Dextra Quotskuyva
- Category : 1928-births
- Type : MGP
- Profile : 4/6 - Opportunistic / Role Model
- Definition : Single
- Incarnation Cross : RAX Consciousness 3
Biography
Native American potter and artist, and a member of the fifth generation of a distinguished ancestral line of Hopi potters. In 1994 Dextra Quotskuyva was proclaimed an “Arizona Living Treasure,” and in 1998 she received the first Arizona State Museum Lifetime Achievement Award. In 2001, the Wheelwright Museum organized a 30-year retrospective exhibition of Quotskuyva's pottery, and in 2004, she received the Southwestern Association for Indian Arts Lifetime Achievement award.

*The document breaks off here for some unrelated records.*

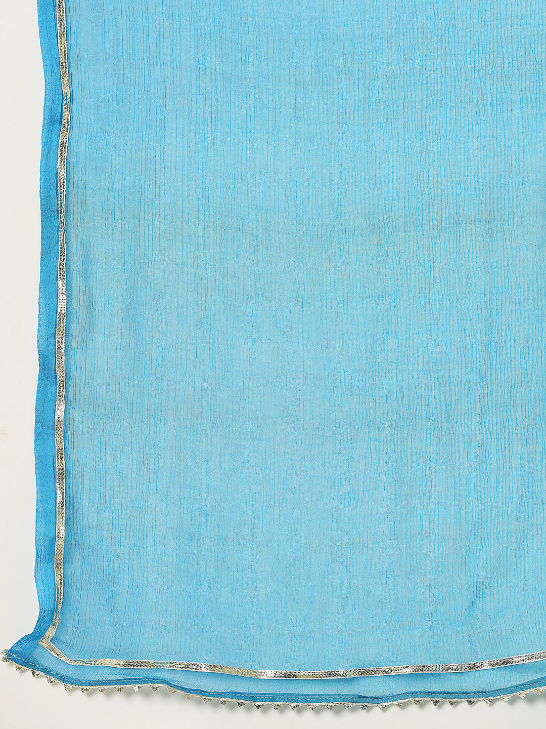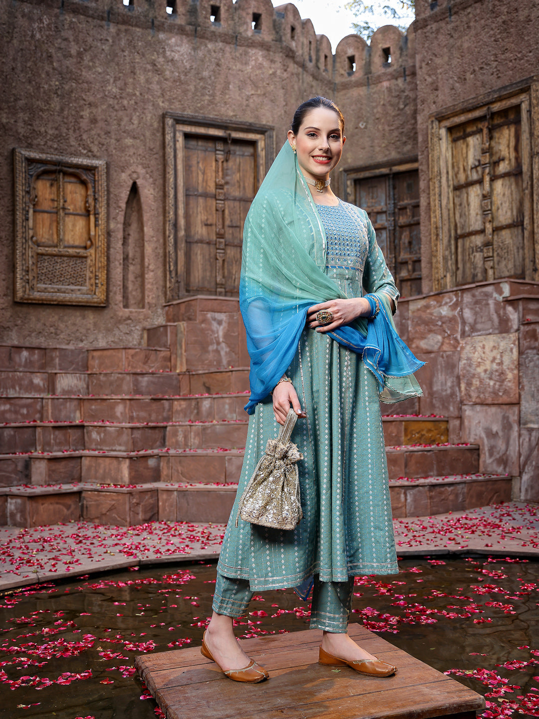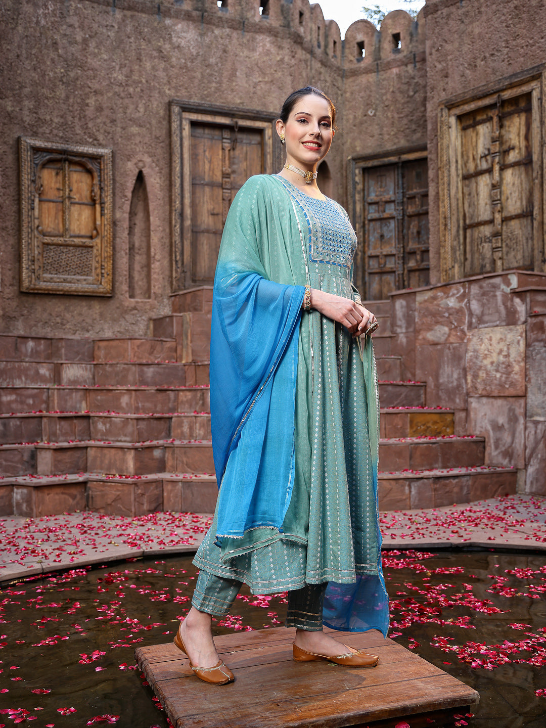 Turquoise cotton blend anarkali kurta with pant dupatta set. Kurta has beautiful embroidery in yoke and with 3/4 sleeve, anarkali bottom and sleeve has gota detailing on it with fully elasticated solid cotton blend pant and chiffon ombre shaded dupatta, Kurta Length- 48" Inch, Pant Length - 38'' Inch, Dupatta Length - 2.30 mtr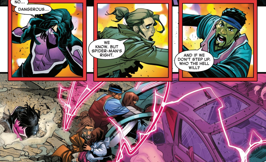 In an incredibly touching moment, the citizens of New York City are inspired by Spider-Man’s words and run headfirst into danger to help in Rapid’s rescue mission. They pull victims away from the sinkhole while Rapid desperately tries to keep his time-slowing field up. This is who Spider-Man is at his core. He is a man who can inspire everyday people into being better. Such an idea also relates to the number of Spider-themed heroes he’s influenced, like Miles Morales and Bailey Briggs, who follow in his footsteps and like Spiderman embrace the responsibility that comes with superpowers. After all, Peter himself was just a nobody who happened to be bitten by a radioactive spider. It’s what he does with those powers that makes him a hero.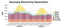- ^ "Electricity production from solar and wind in Germany in 2014 (German version)" (PDF). Germany: Fraunhofer Institute for Solar Energy Systems ISE. 5 January 2015. pp. 2, 3, 6. Retrieved 5 January 2015.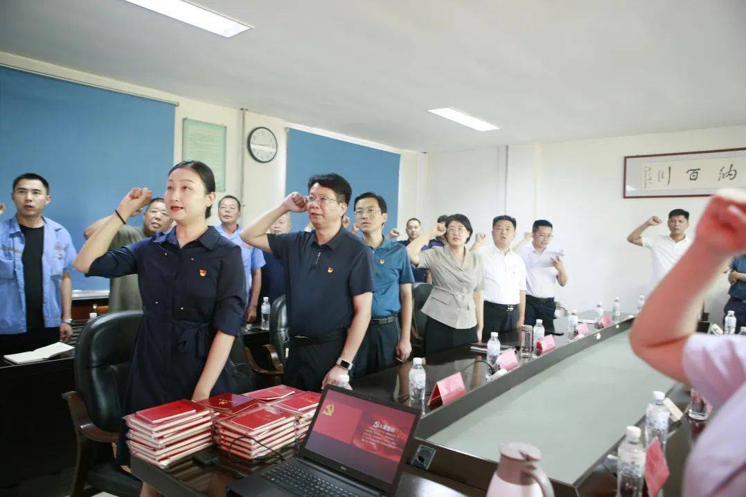 一场庄重的入党宣誓。6月27日,在鲜红的党旗下,新发展的2名预备党员郑重宣誓,其他老党员们一起重温入党誓词,大家庄严肃立、高举右手、握紧拳头,一起诉说对党忠诚,以更加坚定的理想信念投身枣庄工业经济的再次腾飞。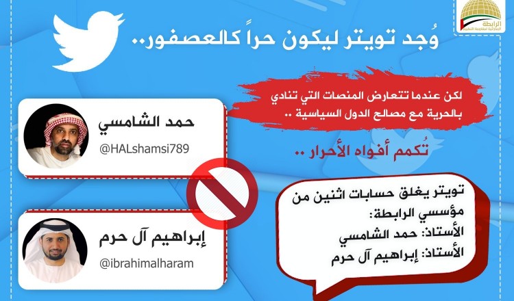أغلق موقع تويتر للتواصل الاجتماعي حسابي أعضاء الرابطة الإماراتية لمقاومة التطبيع، حمد الشامسي، وإبراهيم آل حرم. وقالت الرابطة في تغريدة لها: "وجد تويتر ليكون حرًا، لكن عندما تتعارض المنصات التي تنا

Dextra began her artistic career in 1967, following Nampeyo’s rich heritage rooted in Sikyatki decorations. At first, following the advice of her mother to stay true to the old styles, Dextra’s design repertoire was limited to traditional Nampeyo migration and bird designs. After her mother died in 1985, Dextra felt at greater liberty to express her personal creativity. She was the first Nampeyo potter to produce a commodity for public consumption.
Quotskuyva experiments with the traditional materials usually used for pottery, gathering clay from different sources from her reservation and creating variations on the characteristic orange, tan, and brown hues of Hopi bonfire pots. For the decorations, she uses bee-weed plant for the black and native clay slips for the red.